How can I tell if an email is phishing?
  1. Suspicious sender address. Check the sender's address carefully and make sure it's really coming from who it says it's coming from.
  2. Spoofed web links. ...
  3. Spelling, grammar, and layout. ...
  4. Suspicious attachments. ...
  5. Threats or a false sense of urgency. ...
  6. Generic salutation.

What is a real life example of phishing? ›

An email from PayPal arrives telling the victim that their account has been compromised and will be deactivated unless they confirm their credit card details. The link in the phishing email takes the victim to a fake PayPal website, and the stolen credit card information is used to commit further crimes.

What 5 things could identify a phishing email? ›

Frequently Asked Questions
  • Urgent action demands.
  • Poor grammar and spelling errors.
  • An unfamiliar greeting or salutation.
  • Requests for login credentials, payment information or sensitive data.
  • Offers that are too good to be true.
  • Suspicious or unsolicited attachments.
  • Inconsistencies in email addresses, links and domain names.

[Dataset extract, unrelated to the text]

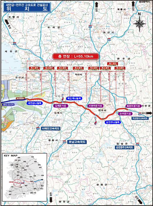 전북도에 따르면 새만금~전주 고속도로는 새만금(김제 진봉)에서 완주 상관까지 연결되는 55.1㎞ 구간으로 서해안 관문 새만금과 전북 중심 전주 간 이동시간이 기존 76분에서 33분으로 절반 가량 단축된다.

What information do phishers want? ›

Phishing (pronounced: fishing) is an attack that attempts to steal your money, or your identity, by getting you to reveal personal information -- such as credit card numbers, bank information, or passwords -- on websites that pretend to be legitimate.

What are the common red flags of a phishing email? ›

Sense of urgency or threatening language. Unfamiliar or unusual senders or recipients. Spelling or grammar errors. Request for money or personal information.

Are phishing attacks increasing? ›

According to recent research from IRONSCALES, 81% of organizations around the world have experienced an increase in email phishing attacks since March 2020, and a recent study by APWG observed a record number of phishing attacks in Q3 2022.

Why phishing attacks are increasing? ›

As businesses increasingly rely on digital communication channels, cybercriminals exploit vulnerabilities in email, SMS, and voice communications to launch sophisticated phishing attacks.

Have phishing attacks increased? ›

Phishing Statistics: USA

In 2021, there were $6.9 billion of total losses reported, compared to $10.3 billion of total losses in 2022. Phishing scams have also drastically increased, with a 1,139% increase in reported phishing attacks from 2018 to 2022.

What is the trend in number of cyber attacks? ›

As the globe becomes more interconnected and reliant on digital technologies, cybercrime is surging. The year 2023 saw a notable increase in cyberattacks, resulting in more than 343 million victims. Between 2021 and 2023, data breaches rose by 72%, surpassing the previous record.


Top Articles
Latest Posts
Article information

Author: Rueben Jacobs

Last Updated:

Views: 5398

Rating: 4.7 / 5 (77 voted)

Reviews: 92% of readers found this page helpful

Author information

Name: Rueben Jacobs

Birthday: 1999-03-14

Address: 951 Caterina Walk, Schambergerside, CA 67667-0896

Phone: +6881806848632

Job: Internal Education Planner

Hobby: Candle making, Cabaret, Poi, Gambling, Rock climbing, Wood carving, Computer programming

Introduction: My name is Rueben Jacobs, I am a cooperative, beautiful, kind, comfortable, glamorous, open, magnificent person who loves writing and wants to share my knowledge and understanding with you.